> **Assigned task**
The reply should hold only the lines from the one with "Les jeunes au match à Bordeaux" to the one with "отметить, что эти", both ends kept, exactly as they appear below, without any pictures.

> **Available records**
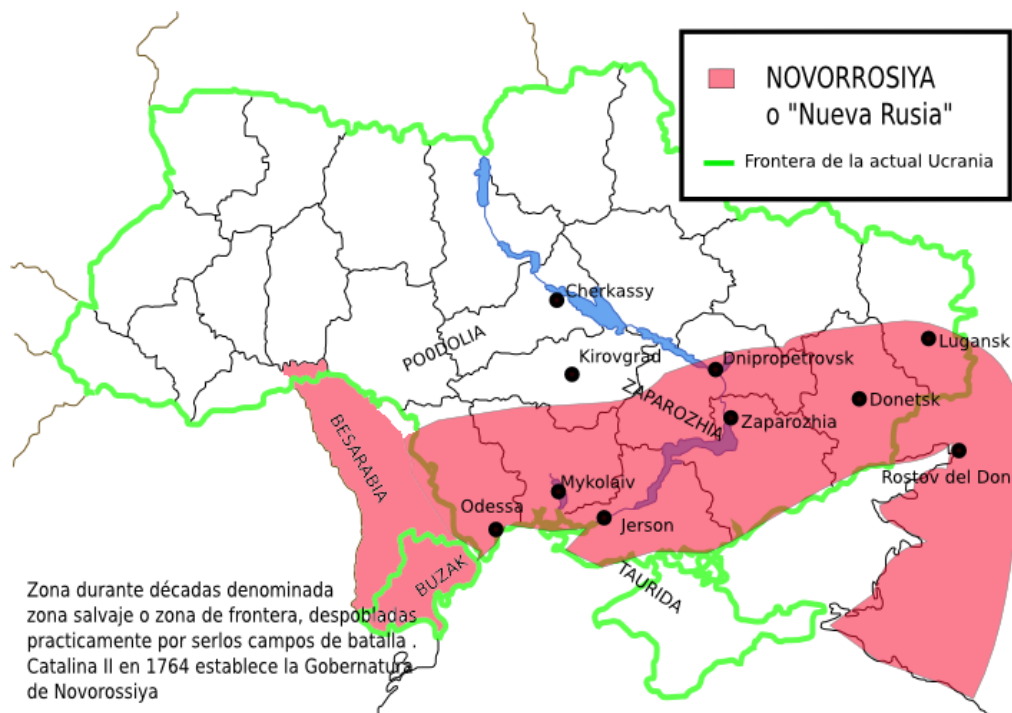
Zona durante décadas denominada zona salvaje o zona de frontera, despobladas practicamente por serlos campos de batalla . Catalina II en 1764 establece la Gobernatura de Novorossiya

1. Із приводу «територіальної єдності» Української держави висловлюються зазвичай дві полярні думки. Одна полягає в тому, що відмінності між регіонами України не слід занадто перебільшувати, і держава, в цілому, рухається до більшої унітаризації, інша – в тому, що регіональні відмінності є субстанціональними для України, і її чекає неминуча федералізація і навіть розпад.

--

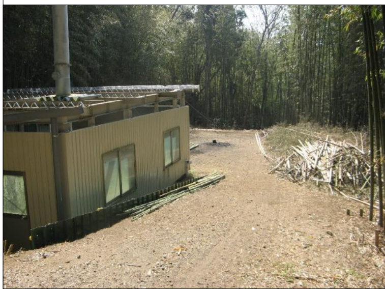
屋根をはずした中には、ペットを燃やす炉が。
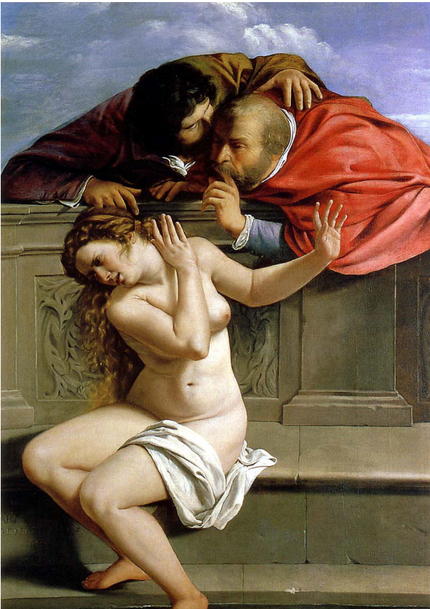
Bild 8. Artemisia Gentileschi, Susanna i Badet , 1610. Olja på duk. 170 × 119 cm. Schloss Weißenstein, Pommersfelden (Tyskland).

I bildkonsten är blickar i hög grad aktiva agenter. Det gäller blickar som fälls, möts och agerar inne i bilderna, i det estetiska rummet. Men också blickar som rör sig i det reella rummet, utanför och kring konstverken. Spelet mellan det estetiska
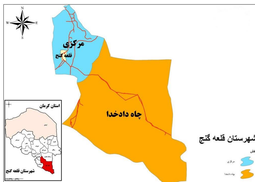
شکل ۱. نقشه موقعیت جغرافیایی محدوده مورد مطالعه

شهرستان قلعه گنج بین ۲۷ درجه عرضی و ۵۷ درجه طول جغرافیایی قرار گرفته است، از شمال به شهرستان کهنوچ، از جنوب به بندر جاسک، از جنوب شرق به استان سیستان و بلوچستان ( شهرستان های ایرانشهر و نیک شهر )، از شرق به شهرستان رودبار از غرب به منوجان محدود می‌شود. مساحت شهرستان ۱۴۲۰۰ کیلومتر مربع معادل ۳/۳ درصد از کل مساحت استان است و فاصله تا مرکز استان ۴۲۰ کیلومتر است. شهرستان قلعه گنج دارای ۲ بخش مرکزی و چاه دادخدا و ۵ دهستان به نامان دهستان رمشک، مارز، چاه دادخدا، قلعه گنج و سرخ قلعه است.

==

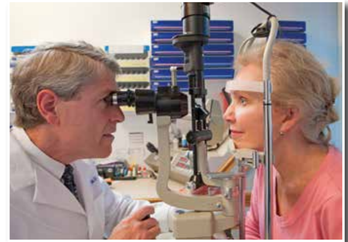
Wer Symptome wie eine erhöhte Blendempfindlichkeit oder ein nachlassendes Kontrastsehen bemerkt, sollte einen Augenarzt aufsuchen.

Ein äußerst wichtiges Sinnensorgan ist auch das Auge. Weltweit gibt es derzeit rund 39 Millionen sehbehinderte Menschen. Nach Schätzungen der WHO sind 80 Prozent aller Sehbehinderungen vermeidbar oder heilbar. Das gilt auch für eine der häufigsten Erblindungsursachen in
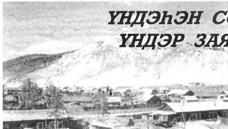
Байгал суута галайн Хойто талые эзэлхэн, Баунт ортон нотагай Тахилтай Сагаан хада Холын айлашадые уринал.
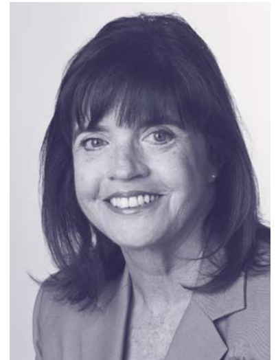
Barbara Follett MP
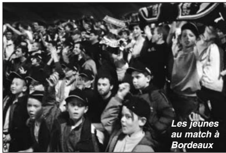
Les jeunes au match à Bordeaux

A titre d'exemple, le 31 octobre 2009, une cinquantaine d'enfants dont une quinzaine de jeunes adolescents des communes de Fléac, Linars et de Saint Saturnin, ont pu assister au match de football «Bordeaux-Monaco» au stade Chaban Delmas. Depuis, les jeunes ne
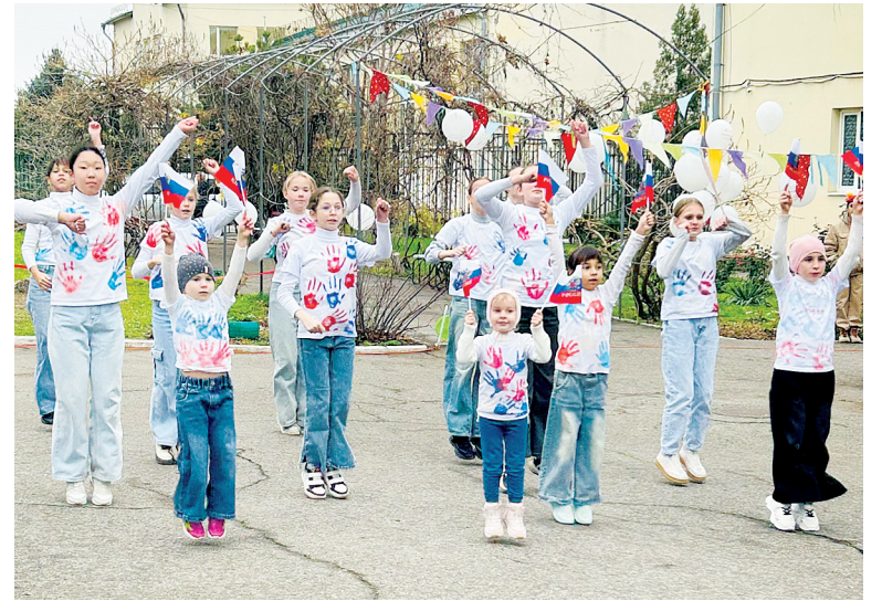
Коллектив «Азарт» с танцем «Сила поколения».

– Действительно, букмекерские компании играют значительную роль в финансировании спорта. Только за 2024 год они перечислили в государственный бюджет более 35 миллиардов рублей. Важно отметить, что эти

> **Expected output**
Les jeunes au match à Bordeaux

A titre d'exemple, le 31 octobre 2009, une cinquantaine d'enfants dont une quinzaine de jeunes adolescents des communes de Fléac, Linars et de Saint Saturnin, ont pu assister au match de football «Bordeaux-Monaco» au stade Chaban Delmas. Depuis, les jeunes ne
Коллектив «Азарт» с танцем «Сила поколения».

– Действительно, букмекерские компании играют значительную роль в финансировании спорта. Только за 2024 год они перечислили в государственный бюджет более 35 миллиардов рублей. Важно отметить, что эти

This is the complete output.